TO DO:
Before returning the data, strip out the pictures and keep everything else exactly the same.

INFORMATION PROVIDED:
■ ■ ■ ■ ■
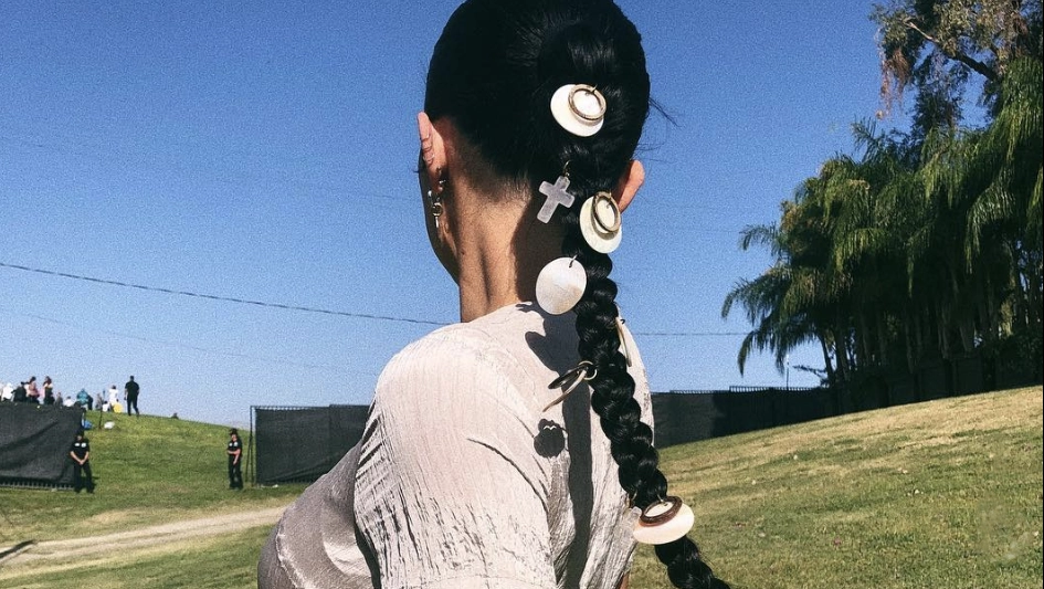 Normally a fan of brightly colored, bold cut wigs for the festival, Kylie instead went for a super sleek braid. Using long extensions for the style, she adorned the braid with a ton of extra detailing, weaving in white seashells and gold hoops, along with clear crosses in a nod to Easter Sunday.
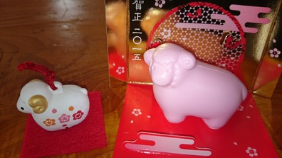 左は知人の博多人形作家の馬場ちゃんから届いたヒツジです
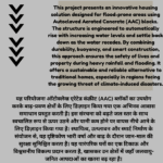 This project presents an innovative housing solution designed for flood-prone areas using Autoclaved Aerated Concrete (AAC) blocks. The structure is engineered to automatically rise with increasing water levels and settle back down as the water recedes. By combining durability, buoyancy, and smart construction, this approach ensures the safety of lives and property during heavy rainfall and flooding. It offers a sustainable and reliable alternative to traditional homes, especially in regions facing the growing threat of climate-induced disasters.Natural Disaster Management Project
■ ■ ■ ■ ■
RESULT OF THE TASK:
 Normally a fan of brightly colored, bold cut wigs for the festival, Kylie instead went for a super sleek braid. Using long extensions for the style, she adorned the braid with a ton of extra detailing, weaving in white seashells and gold hoops, along with clear crosses in a nod to Easter Sunday.
 左は知人の博多人形作家の馬場ちゃんから届いたヒツジです
 This project presents an innovative housing solution designed for flood-prone areas using Autoclaved Aerated Concrete (AAC) blocks. The structure is engineered to automatically rise with increasing water levels and settle back down as the water recedes. By combining durability, buoyancy, and smart construction, this approach ensures the safety of lives and property during heavy rainfall and flooding. It offers a sustainable and reliable alternative to traditional homes, especially in regions facing the growing threat of climate-induced disasters.Natural Disaster Management Project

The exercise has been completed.